A profanity slips from Landon’s lips. “Where did they get them? They couldn’t possibly have abducted all of them?”
“Orphanages. It’s easy if CODEX ran it. They worked like farms.”
“Isn’t it easier to forge documents?”
John coils a length of cable and shakes his head. “They thought forging documents left trails, involved too many greased hands. It was supposedly easier to dispose of bodies. No one would bother with twenty or thirty missing children when there were hundreds of homeless corpses out on the streets.”
“Bloody nefarious… when did this happen?”
“At the turn of the century. It didn’t last. They called it off after a fifteen-year trial.

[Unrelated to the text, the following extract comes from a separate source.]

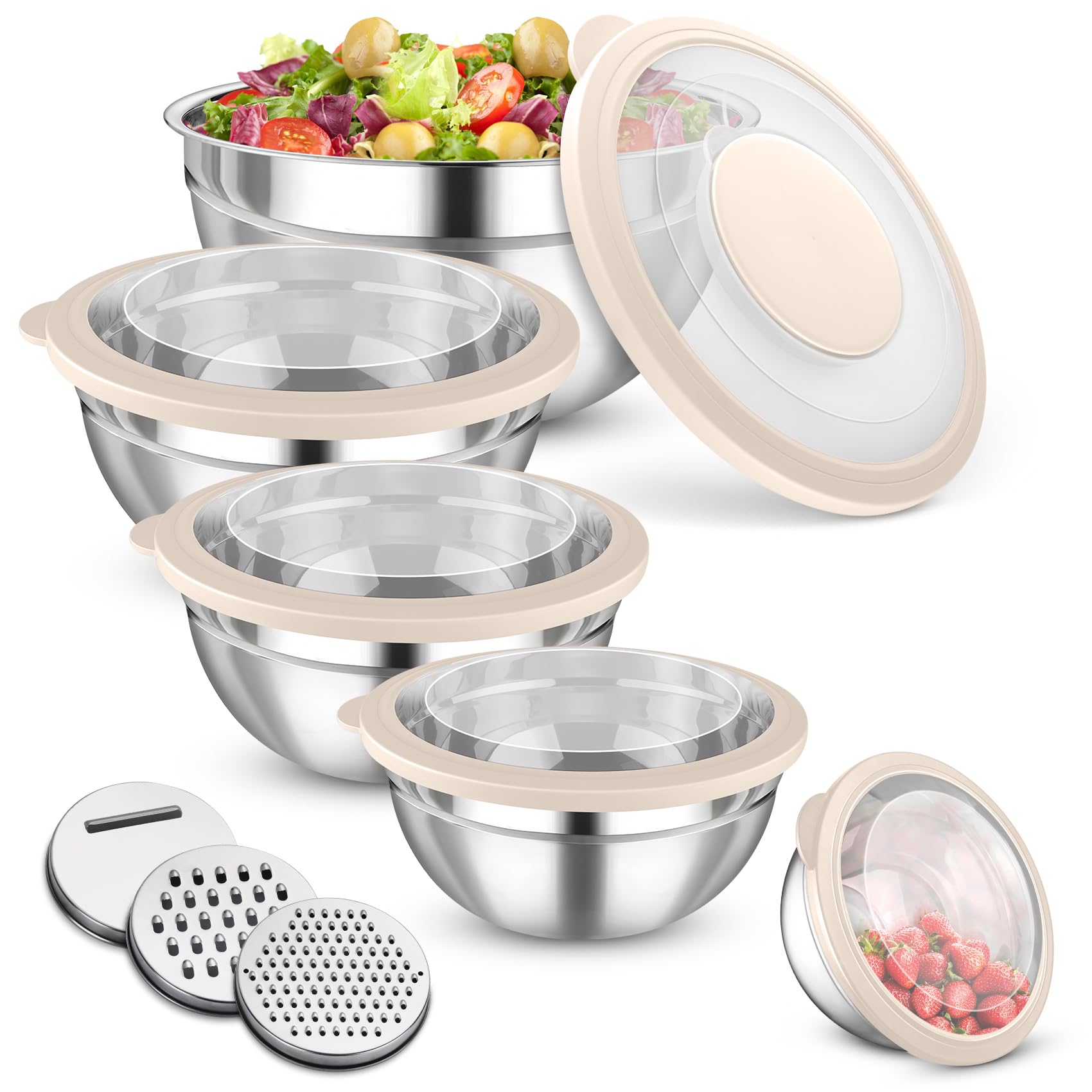 Rührschüssel 5er Set, Edelstahl Salatschüssel mit Deckel & 3 Reibeaufsätzen, Metall Servierschüssel für die Küche Mischen, Backen, 4,5L/3L/1,5L/1,2L/0,7L, Spülmaschinenfest, Khaki

One generation. It was a wrong move but what’s new? History’s full of wrong moves and innocent killings. Like I said—cracked.”
“Cracked as hell,” Landon says.
John bends over to zip up a compartment in his backpack and a pair of dog-tags strung with a silver cross jangle out of his shirt. He grabs them and shoves them back in.
“I didn’t know you were religious,” Landon gibes. “For spiritual protection? Or to profess your faith?”
“Neither,” says John. “It reminds me of who I am.”
“A holy man?”
“A follower of Christ.” John corrects. “Rather, I’m trying to be one.”
“Did you do it to please someone? Your wife?”
“It grew into a conviction.”
“My mother used to talk like that,” says Landon. “Couldn’t remember much of it but I always thought that’s what this thing’s supposed to do—gets you hooked.”
John shakes his head, points to his temple. “You have to work in a lot of sense to get yourself into it.”
“Why even bother?”
“Because I’m convinced it’s the truth.”
“Truth is what you make of it,” says Landon. “And faith is always blind.”